(Stored data entries)
□ □ □

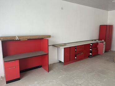 - Laboratoriya/sterilizasiya zonası üçün qırmızı rəngli mebel komplekti: uzun iş masası-lavabo bölməsi olan modullar, çoxsaylı çekmecə və şkaflar, ayrıca iş stolu və hündür dolab.
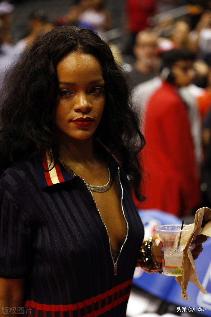 2014.4.9,美国,洛杉矶,蕾哈娜出席某赛会,大波浪中分披发,烈焰红唇,银扁项链,深蓝条纹短袖拉链衫。酥胸微露。
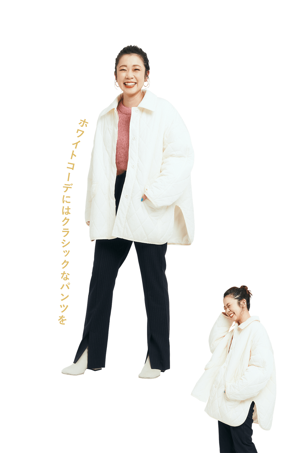 ビジネスシーンでも使われる綺麗な要素を持つキルティングコートを、凹凸のあるニットやイージーパンツでポップな印象に。
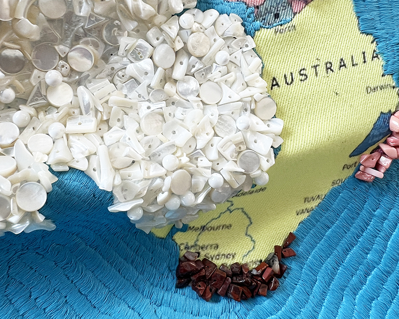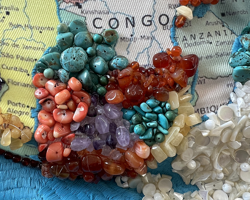 Pangea is an evolving, socially engaged artwork that takes the form of an embroidered map of the supercontinent. Oceans are stitched using threads made from recycled plastic, while the land is composed of gemstones, beads and other natural materials – bringing together elements shaped by both geological time and human extraction. The work reflects on the beauty of the earth’s materials and the complex histories of labour, desire, and exploitation embedded within them.
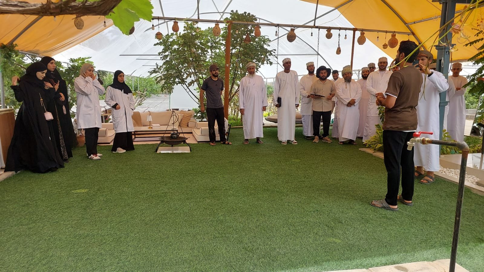 وشهدت الزيارة حضورا اكاديميا ممثلا في عيسى بن هاشل المهمولي مشرف قسم علم النبات بكلية العلوم الزراعية و البحرية بجامعة السلطان قابوس، والاستاذ الدكتور محمد فاروق رئيس قسم علوم النبات بالكلية ومدرس مادة انتاج المحاصيل الحقلية، حيث رافقا الطلبة خلال البرنامج الميداني واثريا الجوانب العلمية والتطبيقية للزيارة.
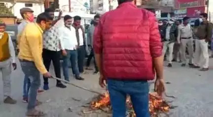 भूपेश बघेल जी के खिलाफ FIR दर्ज किए जाने पर योगी आदित्यनाथ का पुतला दहन रायगढ़ nsui
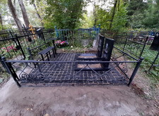 Далее мы установили памятники с цветниками, параллельно приварив необходимые для покрытия брусчаткой металлические борта к ограждению и закрыв территирию участка геотекстилем.

□ □ □

:: EXERCISE GOAL ::
The answer must be an exact copy of the lines from the start of the records above through the line containing "ビジネスシーンでも使われる綺", with no pictures in it.

:: SOLUTION ::
 - Laboratoriya/sterilizasiya zonası üçün qırmızı rəngli mebel komplekti: uzun iş masası-lavabo bölməsi olan modullar, çoxsaylı çekmecə və şkaflar, ayrıca iş stolu və hündür dolab.
 2014.4.9,美国,洛杉矶,蕾哈娜出席某赛会,大波浪中分披发,烈焰红唇,银扁项链,深蓝条纹短袖拉链衫。酥胸微露。
 ビジネスシーンでも使われる綺麗な要素を持つキルティングコートを、凹凸のあるニットやイージーパンツでポップな印象に。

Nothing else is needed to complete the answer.